ERBIL, Kurdistan Region – Iraqi MPs trapped inside the parliament building for several hours as angry protesters stormed the compound on Saturday have now been freed, and around 70 of them--Kurdish and Sunni MPs--arrived in the Kurdistan Region, where they described today’s events.
Khasro Goran, a member of the Kurdistan Democratic Party (KDP) leadership council left the Iraqi capital by plane and reached Erbil International Airport Saturday evening.
“There was supposed to be a meeting in parliament at 11:00,” Goran told Rudaw at the airport. “The Prime Minister was supposed to come to the parliament and introduce the rest of the [shuffled] cabinet for approval.”
Goran said that many MPs were absent for the session as 105 MPs were “on strike” over the announced changes to Prime Minister Haider al-Abadi’s cabinet.
Only some 50 or 60 MPs attended the session, noted Goran, which was not enough for the vote on the new cabinet.

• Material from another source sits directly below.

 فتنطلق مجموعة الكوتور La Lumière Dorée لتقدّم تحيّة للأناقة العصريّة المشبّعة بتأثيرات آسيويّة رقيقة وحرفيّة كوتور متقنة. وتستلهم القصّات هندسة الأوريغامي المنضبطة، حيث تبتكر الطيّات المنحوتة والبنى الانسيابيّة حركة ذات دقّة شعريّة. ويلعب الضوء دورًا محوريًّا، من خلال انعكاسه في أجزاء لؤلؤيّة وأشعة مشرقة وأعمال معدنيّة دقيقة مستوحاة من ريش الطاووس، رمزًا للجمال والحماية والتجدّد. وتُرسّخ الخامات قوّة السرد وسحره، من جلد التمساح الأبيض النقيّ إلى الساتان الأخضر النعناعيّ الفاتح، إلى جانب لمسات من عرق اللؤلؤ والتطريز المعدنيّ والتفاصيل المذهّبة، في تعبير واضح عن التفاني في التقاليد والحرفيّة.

The Speaker of the parliament postponed the meeting until next week.
“Soon afterwards protestors entered the parliament and most of the MPs left the parliament quickly,” Goran said, adding that Kurdish MPs were advised to get to the Baghdad airport as quickly as possible.
The MPs, as far as Goran is aware, were not in danger from the protesters because they were able to leave so quickly. “We were not threatened, but if we had stayed inside the parliament, we would have been hurt by some people,” he said.

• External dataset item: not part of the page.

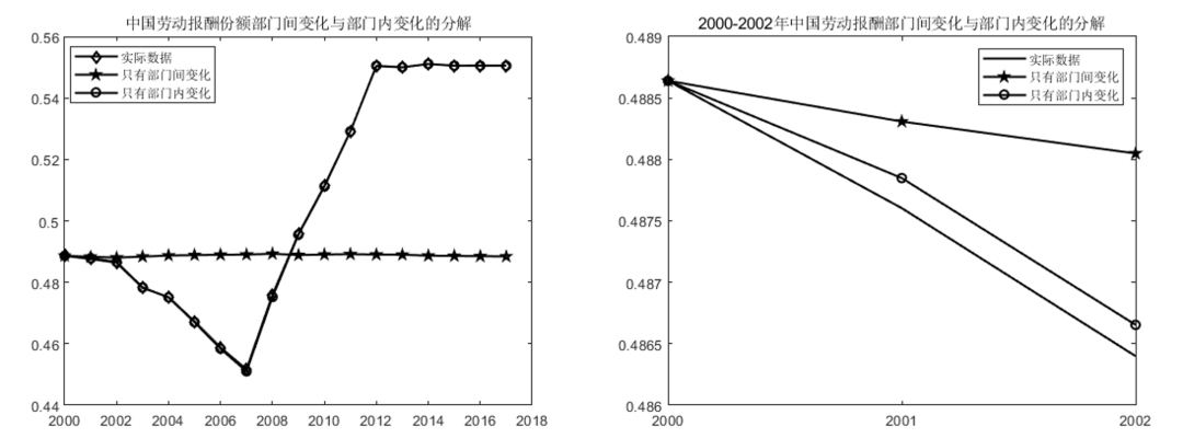 图2 实际数据中劳动报酬份额部门内与部门间的分解

Hundreds of angry protestors stormed the Iraqi parliament on Saturday following a speech by radical Shiite cleric Muqtada Sadr who has been threatening to storm the Green Zone and “bring down” the government unless PM Abadi implemented rapid reforms.
Goran described the protesters as Sadr supporters who, “want to impose their ideas.”
“They [Sadrs’ supporters] constitute 8 to 9 percent of the parliament and they want to impose their idea on the rest of the parliament, which is impossible,” he continued. “They have scared people many times saying that they will attack the parliament.”
“We don’t accept anyone to impose their ideas on us,” Goran added.
Another Kurdish MP who returned to Erbil from Baghdad, Salim Shabak, told Rudaw, “Now is the right time for Kurds to separate from Iraq.”
Former Iraqi Prime Minister, Nouri al-Maliki, called the storming of the parliament dangerous and called for all Iraqis to stand against it.
Maliki also criticized Abadi for trying to announce a new cabinet during protests which make it difficult for all lawmakers to attend the vote. “That is not reform when there are threats and representatives of the people cannot go to the parliament to express their ideas.”
Many of the protestors chanted slogans against former PM Maliki, accusing him of corruption and demanding his trial.
President Fuad Massum has called for calm.